Tax Code Complexity Is Growing Burden

Published July 1, 2007

Americans who struggled to finish their tax returns in April needed more than a little aspirin and a lot of luck to cope with new filing burdens and increased costs, according to the nonpartisan National Taxpayers Union’s (NTU) annual study of tax law complexity trends.

Taxpayers using any of the 1040 tax form series spent an average of 24.2 hours and $207 completing their returns this year, up from 23.3 hours and $179 three years ago.

“The federal income tax system has become so complex that no one outside or even inside the Internal Revenue Service understands it,” said NTU senior counselor and study author David Keating. “Last year taxpayers were forced to give up half a billion hours more of their time than they did in the year 2000, all because of new IRS paperwork burdens.”

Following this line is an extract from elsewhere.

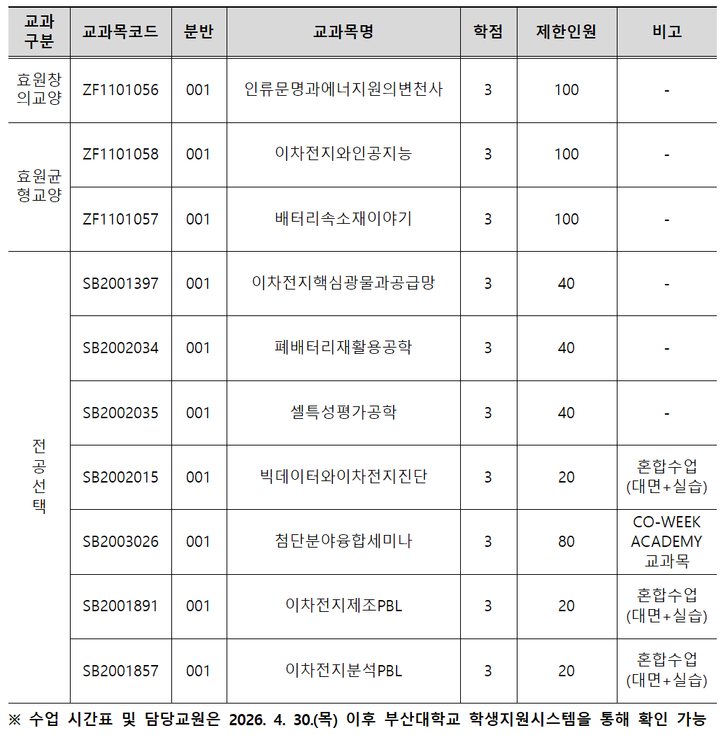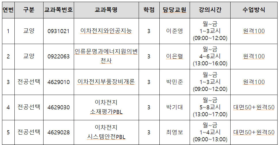 - 개설교과목 : 이차전지와 인공지능, 이차전지핵심광물과공급망, 이차전지소재분석공학, 차세대셀설계공학, 빅데이터와이차전지진단, 이차전지분석PBL

The NTU study, released April 16, is the ninth comprehensive examination of tax code complexity the group has conducted since 1999. It provides long-term data on increasingly daunting obstacles in the task of complying with IRS demands.

Burden Grows

Among the findings of the study:

 

  • Americans spent 6.65 billion hours in 2006 complying with federal tax laws. The IRS accounts for nearly four of every five paperwork burden hours imposed by the entire federal government.

 

 

  • Approximately 3.45 billion of those hours were incurred by businesses. The value of this time is $156.5 billion–an amazing 44 percent of total corporate income taxes collected in 2006.

 

 

  • When examining all individual taxpayers, from those who file the simplest 1040EZ to those using the 1040 long form, the average compliance time (not including tax planning or minimization strategies) surged past a full day (24.2 hours), according to the most recent data. According to a 2006 IRS estimate, self-employed taxpayers had to toil for more than 80 hours to satisfy filing requirements.

 

 

  • Counting expenses for software, tax preparers, postage, etc., along with time, individuals incurred an incredible $102 billion in expenses to meet the IRS’s tax-filing rules.

 

 

  • Although computers and printers have gained dramatically in capacity over the past 10 years, this efficiency has likely been overwhelmed by tax complexity. The average fee charged by tax preparer H&R Block increased roughly 150 percent during that period (unadjusted for inflation), even as the ratio of taxpayers using computers or paid preparers rose from seven in 10 to nine in 10.

 

 

  • Between the 108th and 109th Congresses, the Joint Committee on Taxation’s General Explanation of Tax Legislation went from 593 to 841 pages–a 42 percent increase.

 

‘Hopelessly Muddled’

Keating noted the Alternative Minimum Tax, a Byzantine scheme that may trap more than 30 million taxpayers by 2010, could make compliance burdens much worse before they get better.

“America’s hopelessly muddled tax system is already sagging under the weight of its own complexity,” Keating said. “Hopefully, policymakers will recognize this crisis by considering fundamental tax reform this year, so our civil liberties and our economy won’t suffer any longer.”